The problem with ‘writing advice’ is that it’s like trying to advise someone on how to be funny in social situations. If you know funny people, when you compare them they’re funny in different ways. The methods that they use to arrive at their humour are different, and their jokes are different. When it comes to writing, if you try to think up even the most basic rule – “Write things!” then at times, even that falls down. So I can’t really give great writing advice, nor do I have any idea what it would be. What I can tell you are some things that have helped me to progress in the craft.

1) Read outside of your usual genre.

If you write fantasy, then you are very likely to have arrived at that place because you love reading it, and many fantasy readers will read exclusively within the genre. I did that for 20 odd years.

A major breakthrough for me was reading Lee Child’s Jack Reacher books. I was burned out on fantasy, and I just wanted something light, easy to get into and that I wasn’t committing to a whole trilogy. What I learned from Child’s writing was a massive lesson in condensed plot, pacing, and a different kind of narrative that you just don’t often see in fantasy. Having enjoyed some thrillers, when it came to Ravencry I then tried reading historical romance and again, not only did I learn a lot, but I thoroughly enjoyed it.

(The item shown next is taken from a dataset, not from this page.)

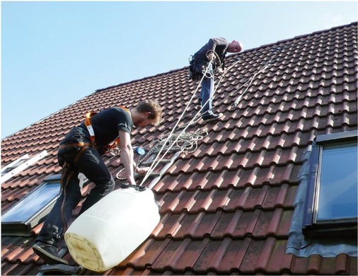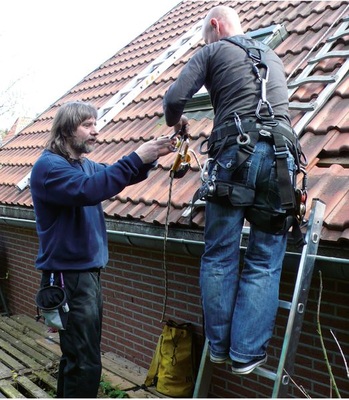 „Mit den rechtlichen und technischen Pflichten und Voraussetzungen muss natürlich jeder Solarteur vertraut sein“, mahnt auch Knappik. Er hat für die Seminarteilnehmer der AS-Solar-Akademie dazu umfangreiches Material zusammengestellt. Für mindestens ebenso wichtig hält er allerdings, dass jeder Solarteur auch praktisch genau weiß, was er – parallel zur Installation der Anlage – auf dem Dach tut. Einfach so darf nämlich niemand mit Gurt und Seil auf den Ziegeln herumkrabbeln: Vorher ist eine kompetente Einweisung in die Ausrüstung Pflicht. Und auch wenn eine PSAgA immer besser ist als gar keine Sicherung: Sie ist keineswegs erste Wahl. Die Betriebssicherheitsverordnung beispielsweise schreibt vor, Arbeitsmittel auszuwählen, die am geeignetsten sind,während der Benutzung auf Dauer sichere Arbeitsbedingungen zu gewährleisten. Das bedeutet: Gerüst statt Leiter, Brüstungen oder Fangnetze statt Anseilschutz. Eine PSAgA darf als alleinige Sicherung nur dann verwendet werden, wenn die Erstellung eines Gerüstes oder Fangnetzes länger dauert als die durchzuführenden Arbeiten oder wenn beides aus technischen Gründen nicht möglich ist. Und: Wenn ein Anseilschutz eingesetzt wird, muss auch klar sein, wie die Person im Falle eines Absturzes innerhalb von maximal 20 Minuten wieder sicheren Boden erreicht; die Rettungsausrüstung dafür muss bereitstehen.

This probably may seem obvious, but it wasn’t to me, so . . . yeah. Read other stuff. Take a break from fantasy every other book that you read. I found it eye opening.

See the source image

2) Go for a run

Idea generation happens when you least expect it. This may all sound a bit zen, but the more that I can turn off the part of my brain that is saying “THINK OF AN IDEA NOW, DAMN IT!” the more the good stuff just kind of happens. Your brain is a noisy place, full of worries, distractions and over-thinking. If you can obliterate those by forcing yourself into a relaxed mental state through exercise, then I think that there’s a lot of mileage in that. I didn’t start running because I wanted to think things through, I did it because I needed to get in shape for an hour long swordfight for charity. . . but these days, when I get stuck on a plot point and I’m not being productive, I put on my running shoes and go outside. I usually forget all about writing until I’m 20 minutes in, and then it just starts happening without provocation.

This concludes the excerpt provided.